Re: [PATCH bpf-next 00/13] BPF rbtree next-gen datastructure

From: Dave Marchevsky <davemarchevsky@meta.com>
To: Alexei Starovoitov <alexei.starovoitov@gmail.com>,
	Kumar Kartikeya Dwivedi <memxor@gmail.com>
Cc: Dave Marchevsky <davemarchevsky@fb.com>,
	bpf@vger.kernel.org, Alexei Starovoitov <ast@kernel.org>,
	Daniel Borkmann <daniel@iogearbox.net>,
	Andrii Nakryiko <andrii@kernel.org>,
	Kernel Team <kernel-team@fb.com>, Tejun Heo <tj@kernel.org>
Subject: Re: [PATCH bpf-next 00/13] BPF rbtree next-gen datastructure
Date: Thu, 8 Dec 2022 18:35:24 -0500	[thread overview]
Message-ID: <3e6af95f-1d8b-aaf9-7e65-002b8fff19b6@meta.com> (raw)
In-Reply-To: <20221208203654.zwwqxzjhx563d3z3@macbook-pro-6.dhcp.thefacebook.com>

On 12/8/22 3:36 PM, Alexei Starovoitov wrote:
> On Thu, Dec 08, 2022 at 06:27:29PM +0530, Kumar Kartikeya Dwivedi wrote:
>>
>> I don't mind using active_lock.id for invalidation, but using reg->id to
>> associate it with reg is a bad idea IMO, it's already preserved and set when the
>> object has bpf_spin_lock in it, and it's going to allow doing bpf_spin_unlock
>> with that non-owing ref if it has a spin lock, essentially unlocking different
>> spin lock if the reg->btf of already locked spin lock reg is same due to same
>> active_lock.id.
> 
> Right.
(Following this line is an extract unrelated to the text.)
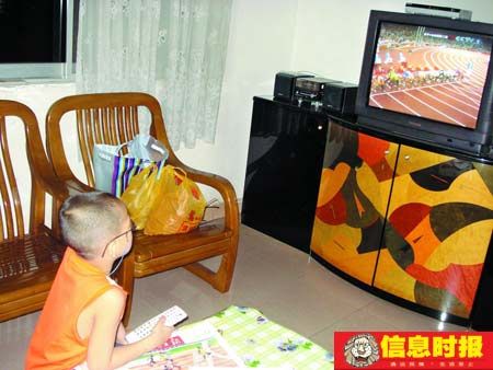 奧運(yùn)雖好看,可居住在星匯園的張女士這兩天卻有點(diǎn)擔(dān)心了。開學(xué)就讀五年級的兒子軒仔是個(gè)體育愛好者,這個(gè)暑假為了看奧運(yùn),連之前一直吵著的云南十日游都放棄了:從奧運(yùn)開幕至今,軒仔每天唯一的活動(dòng)項(xiàng)目就是盤在沙發(fā)里抱著遙控器調(diào)來調(diào)去,從一早的《朝聞天下》看到晚上十一點(diǎn)多鐘的《全景奧運(yùn)》,中途去趟洗手間軒仔都會一路小跑。

Overwriting reg->id was a bad idea.
> 
>> Even if you prevent it somehow it's more confusing to overload reg->id again for
>> this purpose.
>>
>> It makes more sense to introduce a new nonref_obj_id instead dedicated for this
>> purpose, to associate it back to the reg->id of the collection it is coming from.
> 
> nonref_obj_id name sounds too generic and I'm not sure that it shouldn't be
> connected to reg->id the way we do it for ref_obj_id.
> 
>> Also, there are two cases of invalidation, one is on remove from rbtree, which
>> should only invalidate non-owning references into the rbtree, and one is on
>> unlock, which should invalidate all non-owning references.
> 
> Two cases only if we're going to do invalidation on rbtree_remove.
> 
>> bpf_rbtree_remove shouldn't invalidate non-owning into list protected by same
>> lock, but unlocking should do it for both rbtree and list non-owning refs it is
>> protecting.
>>
>> So it seems you will have to maintain two IDs for non-owning referneces, one for
>> the collection it comes from, and one for the lock region it is obtained in.
> 
> Right. Like this ?
> collection_id = rbroot->reg->id; // to track the collection it came from
> active_lock_id = cur_state->active_lock.id // to track the lock region
> 
> but before we proceed let me demonstrate an example where
> cleanup on rbtree_remove is not user friendly:
> 
> bpf_spin_lock
> x = bpf_list_first(); if (!x) ..
> y = bpf_list_last(); if (!y) ..
> 
> n = bpf_list_remove(x); if (!n) ..
> 
> bpf_list_add_after(n, y); // we should allow this
> bpf_spin_unlock
> 
> We don't have such apis right now.
> The point here that cleanup after bpf_list_remove/bpf_rbtree_remove will destroy
> all regs that point somewhere in the collection.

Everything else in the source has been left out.